Zaman, günümüz insanı için en önemli değerlerden biri olmuş, hızlı yaşam şartları altında gün içindeki koşturmalardan sıyırılıp, insanların kendilerine zaman ayırması gittikçe güçleşmeye başlamıştır (Parkins ve Craig, 2004: 365). Bununla birlikte, hayatlar hızlandıkça boş zamanın değeri de anlaşılır hale gelmiştir (Knox, 2005: 5). Öyle ki, insanın mutlu olmasının maddi karşılığının olmadığı, fakat zamansızlıktan birbirilerine vakit ayıramayanların bu eksikliği telafi etmek için pahalı hediyelere yöneldikleri, böylece tüketim hızının daha da arttığı gerçeği ortaya çıkmıştır. Buna karşılık tüketimden alınan hazzın sürdürülebilirliğini azaltmaya çalışan satıcılar, müşterilerin daha az emekle daha çok şeye sahip olmalarını sağlayacak yeni, alternatif ürünler sunmaya çalışmışlardır. Nitekim bu durum beklemeye tahammülü olmayan, hızın mahkûmu toplumları doğurmuştur. Fakat daha fazlanın, daha hızlının daha iyi olduğuna dair inancın karşısında toplumsal ve ekolojik çöküşler baş göstermeye başlamıştır (Bauman, 2016: 83-92).
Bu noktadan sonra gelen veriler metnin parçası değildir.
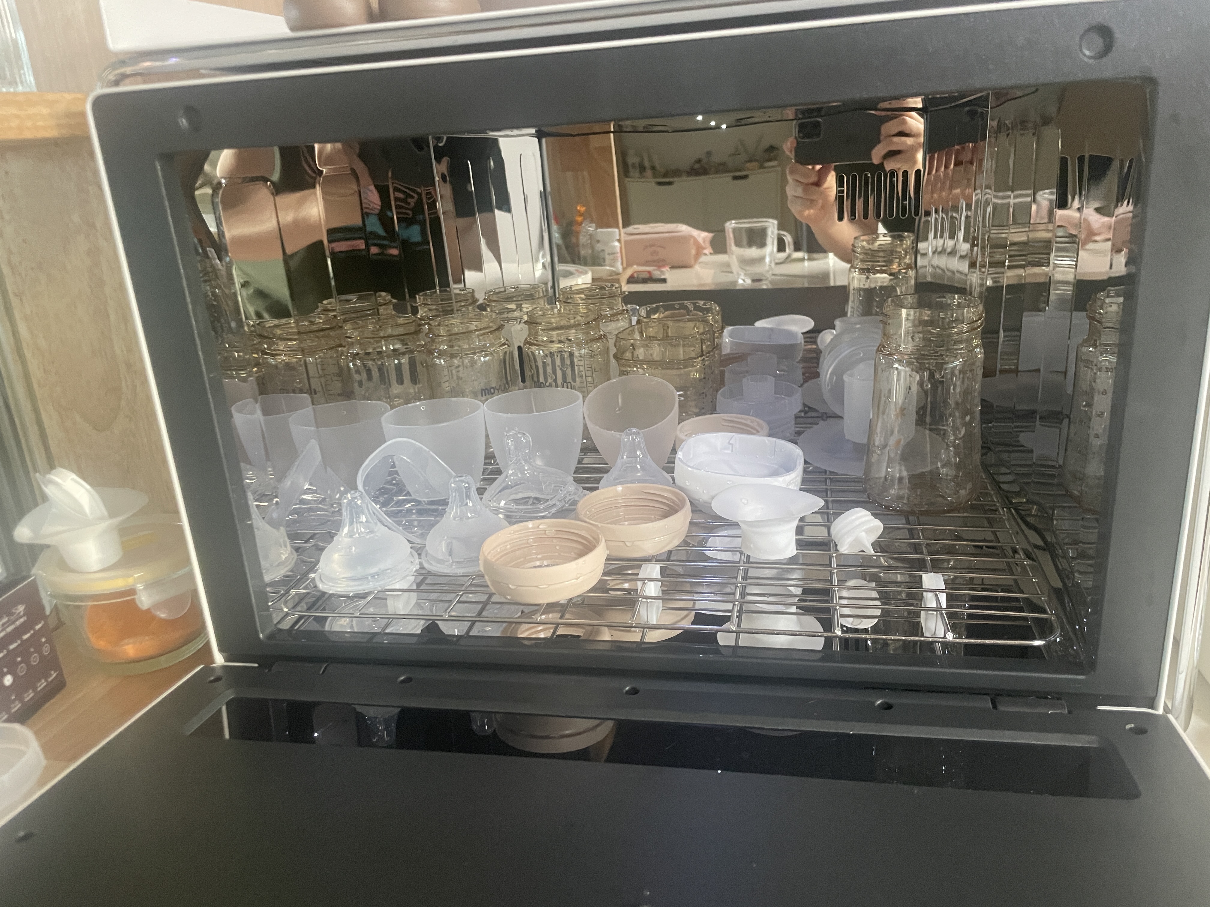 젖병 소독공간이 넓어서 많은 젖병이 들어간다.
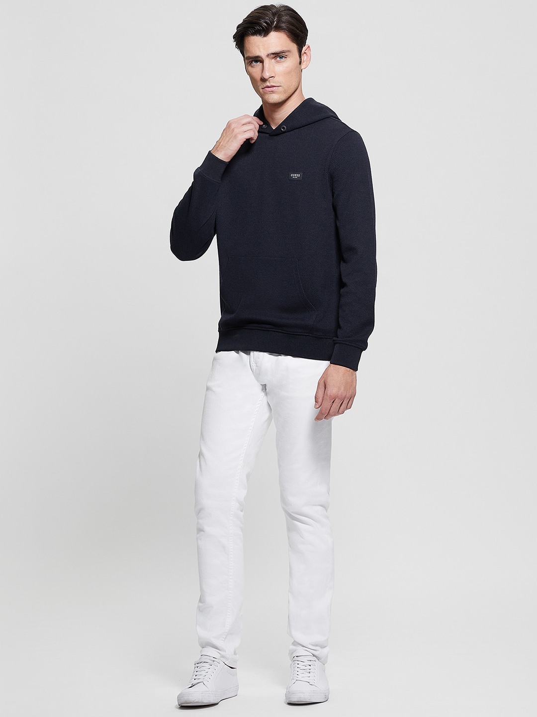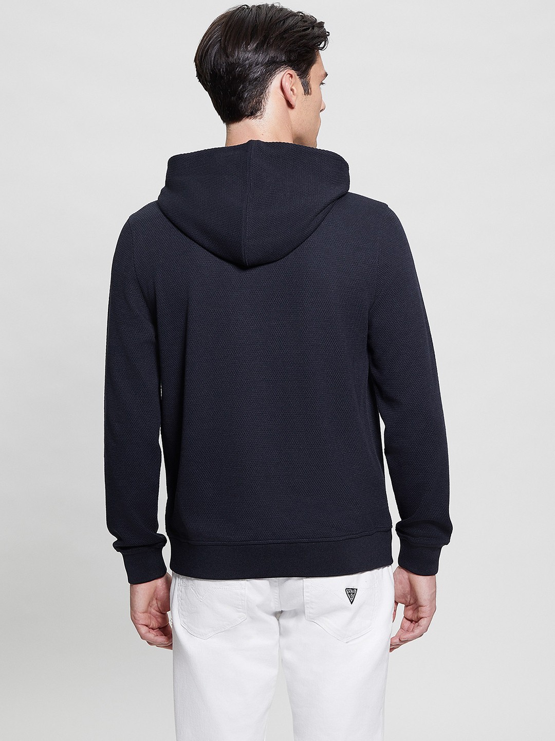 Navy Blue Solid Hooded Full Sleeves Pullover Style Sweatshirt
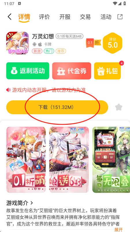 4、点开想玩的游戏资源以后,点击“下载”即可。
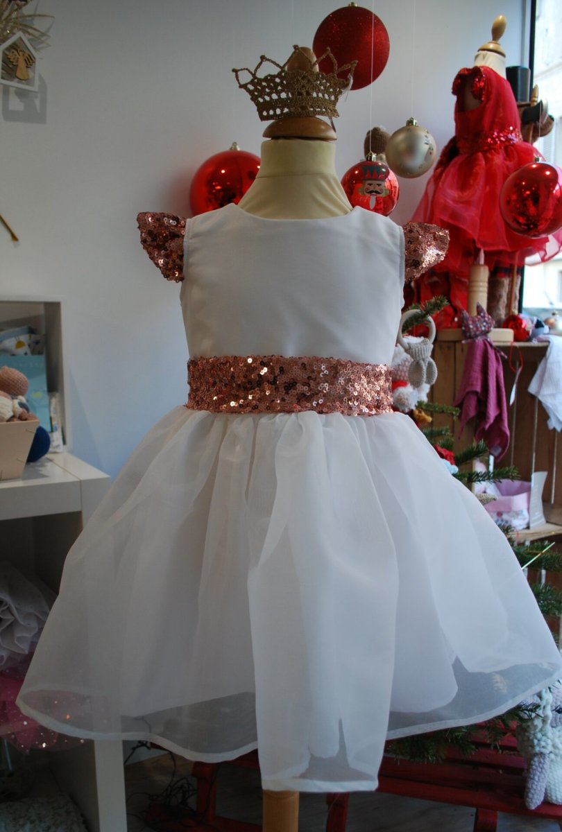 Jolie robe de fête pour petite Princesse. Notre robe pour enfants en organza sera parfaite pour les fêtes de fin d’année. Crée spécialement pour ses fêtes, cette robe est en série limitées. La coupe intemporel fera de votre Princesse la plus belle. Ses petites manches volantées et sa ceintures en sequins la feront brillées toute la nuit.
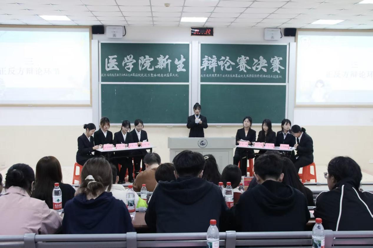赛前,主持人阐述本届新生辩论赛的宗旨:锻炼学生格物致知、探求真理的能力,传承和而不同,君子之争的精神。接着讲解比赛规则并介绍辩题:在有限资源下,公共卫生政策应优先追求整体健康效益最大化,还是优先保障最弱势群体的基本健康权。正方为2025级口腔医学4班,反方为2025级医学影像学1班,在双方辩手进行自我介绍后,主持人宣布辩论赛正式开始。
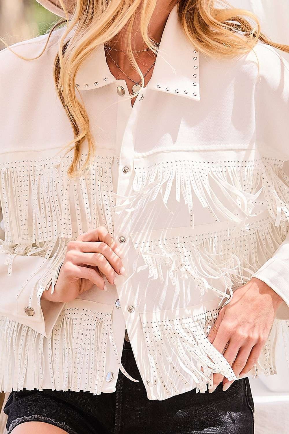 White Fringe Studded Jacket
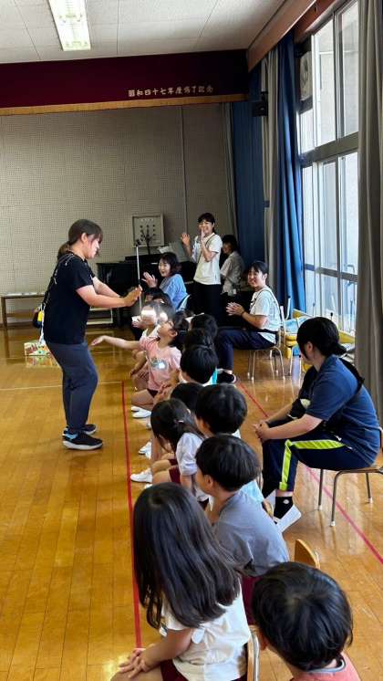 先生たちからのプレゼントでは『あめのちゆうやけ せんたくかあちゃん』のお話をスライドで見ました。洗濯ごっこや泡遊びを楽しんでいる子どもたちにぴったりのお話で、興味をもって見ていました。

İnsanların daha fazlasına sahip olma arzusu ile çevreye verdiği zararlar tartışmasız bir gerçek olup günümüzdeki en büyük çevre sorunlarına neden olmaktadır. Örneğin, Mc Donalds zincirleri için özel olarak yetiştirilen patateslerin üretimi sırasında kullanılan kimyasalların Kuzey Pasifik doğasını olumsuz etkilediği sonucuna ulaşılmıştır (Ritzer, 2014: 40).

Üretimin devamı ve daha fazla kâr etme amacı ile doğanın insanlığa sunduğu kaynaklar hiç bitmeyecekmişçesine ve yarınlar düşünülmeden sömürülmektedir. Çevreye verilen bu zararlar hem kaynakların tükenmesine hem de doğal güzelliklerin ve hatta tarihi değerlerin zarar görmesine neden olmaktadır. Bu olumsuz sonuçların giderilmesi, insanlığın çevre ile uyumunun sağlanması ve çevrenin değerinin anlaşılması için farkındalık ve bilinçlendirme çalışmaları gerekmektedir (Gülay ve Önder, 2011: 47; Çevre ve Orman Bakanlığı, 2004: 452; Geray, 1997: 323-324).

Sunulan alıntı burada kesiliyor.